Tuesday, as part of the companys first quarter results announcement, Encana Corp. (NYSE: ECA), based in Calgary, Alberta, Canada, said its San Juan acreage is commercial, meaning the company believes it can profitably drill and produce in New Mexico San Juan Basin.
Encana, like many energy companies across the country, has stepped up its search for oil due to the comparatively low level of natural gas commodity prices.
On the Colorado side of the border, the San Juan Basin is well known for its ability to produce natural gas from underground coal seams.
In New Mexico, Encana has partnered with local companies that have worked in the area for years, Hock said.
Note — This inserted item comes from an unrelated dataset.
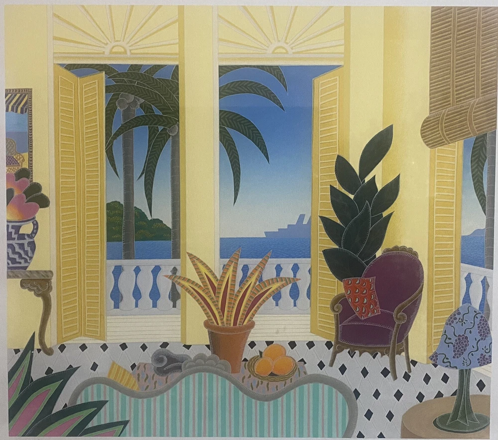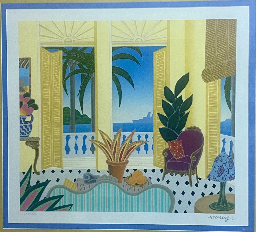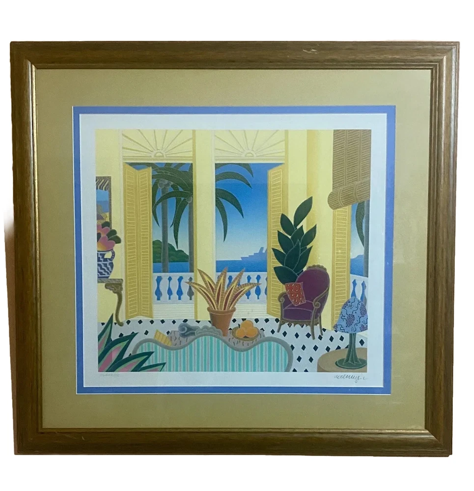 This Thomas McKnight limited edition serigraph titled "Nassau" is a beautiful piece for any art lover. The print is signed and numbered CLXXX/CC (180/200) by the artist himself. Measuring 18 inches in height and 20 inches in width, this piece showcases stunning architecture and houses in a picturesque setting. The print is made using lithography production technique on high-quality paper material. It comes matted and framed, ready to be displayed in your home or office. This piece is a single piece unit of sale listed by a dealer or reseller. It is a handmade, original print from 1988 and would make an excellent addition to any collection.

The partnerships have drilled several wells horizontal wells into the Mancos shale formation.
Encana spent about $100 million in the basin in 2012 and expects to spend about the same amount in 2013, Hock said.
Encana has 160,000 net acres of mineral rights in the basin and running two drilling rigs with a third drilling rig expected to be moved into the area by the end of the year, the company said.
The last five wells Encana drilled in the San Juan area had initial, 30-day production rates of oil, gas and natural gas liquids (NGLs) ranging from the equivalent of 150 barrels of oil per day to 700 barrels of oil per day.
About 80 percent of the total production was oil, the company said. Wells have cost between $5 million and $6 million to drill.
Encanas Jeff Wojahn, executive vice president and president of the U.S. division, said during a conference call with analysts that each well in the San Juan area may produce between 200,000 barrels and 700,000 barrels of oil over its lifetime.